The present disclosure relates to knowledge graph technology, for example, to a big data processing method, device and medium based on heterogeneous distributed knowledge graph.

Background technique

Knowledge Graph, also known as scientific knowledge graph, is called knowledge domain visualization or knowledge domain mapping map in the library and information industry. The life cycle of the knowledge graph consists of the following parts: data extraction, transformation and loading (Extract-Transform-Load, ETL), knowledge extraction, definition graph, data import, knowledge reasoning and knowledge application.

Knowledge graphs are divided into heterogeneous knowledge graphs and isomorphic knowledge graphs. The nodes and edges in the isomorphic knowledge graph have the same type, that is, no type distinction is made. The nodes and edges in the heterogeneous knowledge graph can have different types. Even have different attributes. Heterogeneous knowledge graphs are described in the form of triples, quintuples, or seven-tuples. For example, a large-scale directed knowledge graph composed of "points and edges" is represented by "concepts, relationships, and rules". Describing the knowledge graph in the form of multiple groups can clearly express the relationship between concepts and concepts, between concepts and entities, between entities and entities, between entities and attributes, and between attributes and attribute values.

Although the multi-group form brings many benefits, when calculating the heterogeneous distributed knowledge graph, the multi-group form is not concise enough and contains a lot of redundant information, which is not conducive to filtering the node data of interest, leading to a large increase in calculations Complexity.

Summary of the invention

The present disclosure provides a big data processing method, device, equipment and medium based on a heterogeneous distributed knowledge graph to provide an effective data processing scheme for a heterogeneous distributed knowledge graph.

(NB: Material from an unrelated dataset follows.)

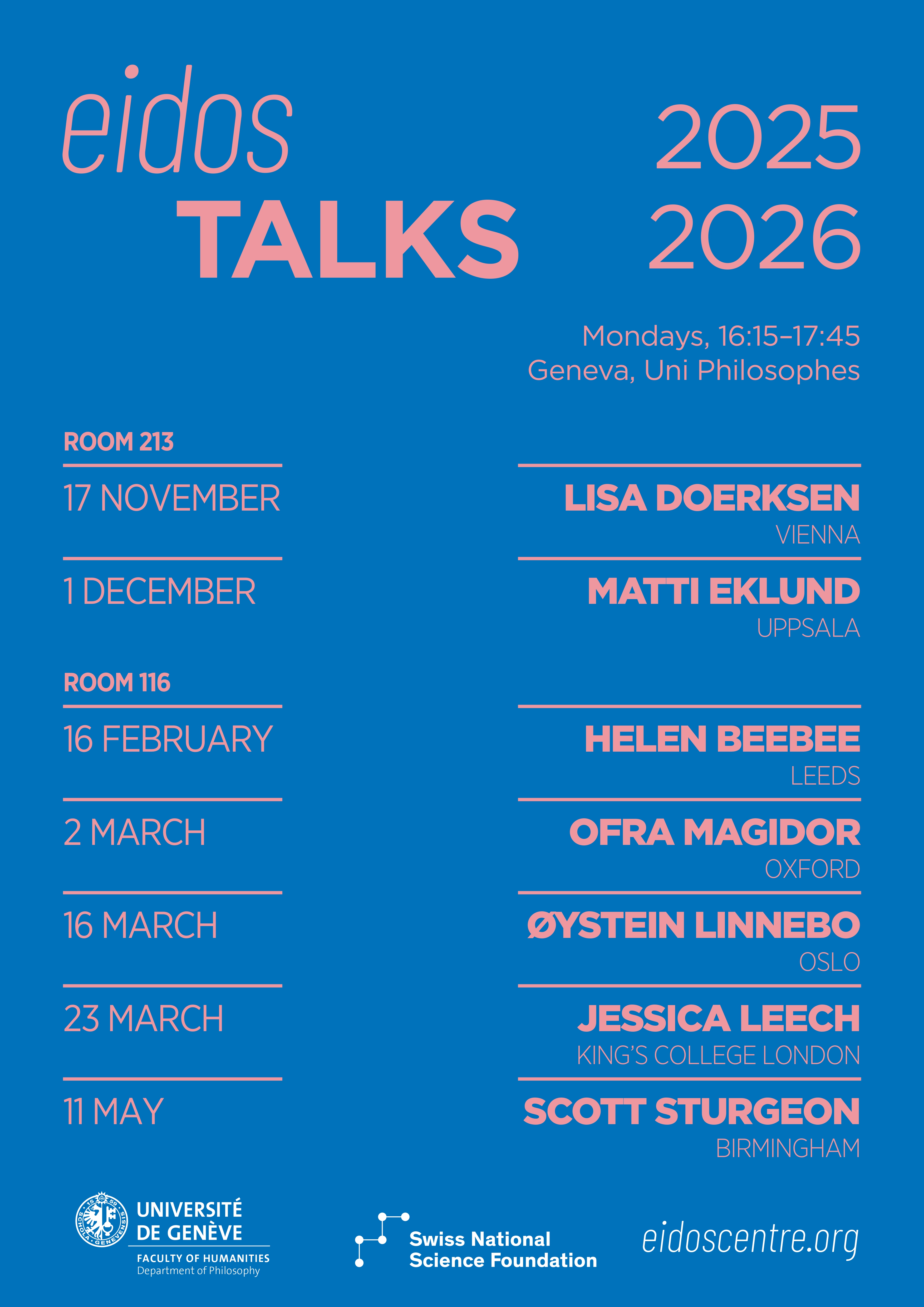 eidos, the Centre for Metaphysics, was founded in 2007 by Fabrice Correia and Kevin Mulligan, with the invaluable help of Philipp Blum, and has been since then directed by its founders, now joined by Giovanni Merlo. Based in Geneva since its inception, it had a branch in Neuchâtel from August 2012 to July 2017, and it has a new branch in Lugano. eidos encourages collaboration with other fields, disciplines and universities.

Provides a big data processing method based on heterogeneous distributed knowledge graph, including:

According to the data structure of the heterogeneous distributed knowledge graph, construct the node table and relation table of the heterogeneous distributed knowledge graph;

According to the graph calculation request, determine the graph calculation scenario, and determine at least one of the following nodes required for the graph calculation scenario: type, attribute, and at least one of the following: type, attribute;

At least one of the following nodes required to calculate the scene according to the graph: type, attribute, and at least one of the edge: type, attribute, extract at least one computing node corresponding to the graph calculation scene from the node table and the relation table;

Filter out node data corresponding to at least one computing node from the heterogeneous distributed knowledge graph;

Perform data processing on the filtered node data to obtain data processing results based on heterogeneous distributed knowledge graphs;

Among them, the node table includes: multiple node IDs, multiple node types, multiple node attributes, node type collections, and node attribute collections. The relationship table includes: multiple edge start node IDs, multiple edges The target node identifier, the types of multiple edges, the attributes of multiple edges, the set of edge types and the set of edge attributes.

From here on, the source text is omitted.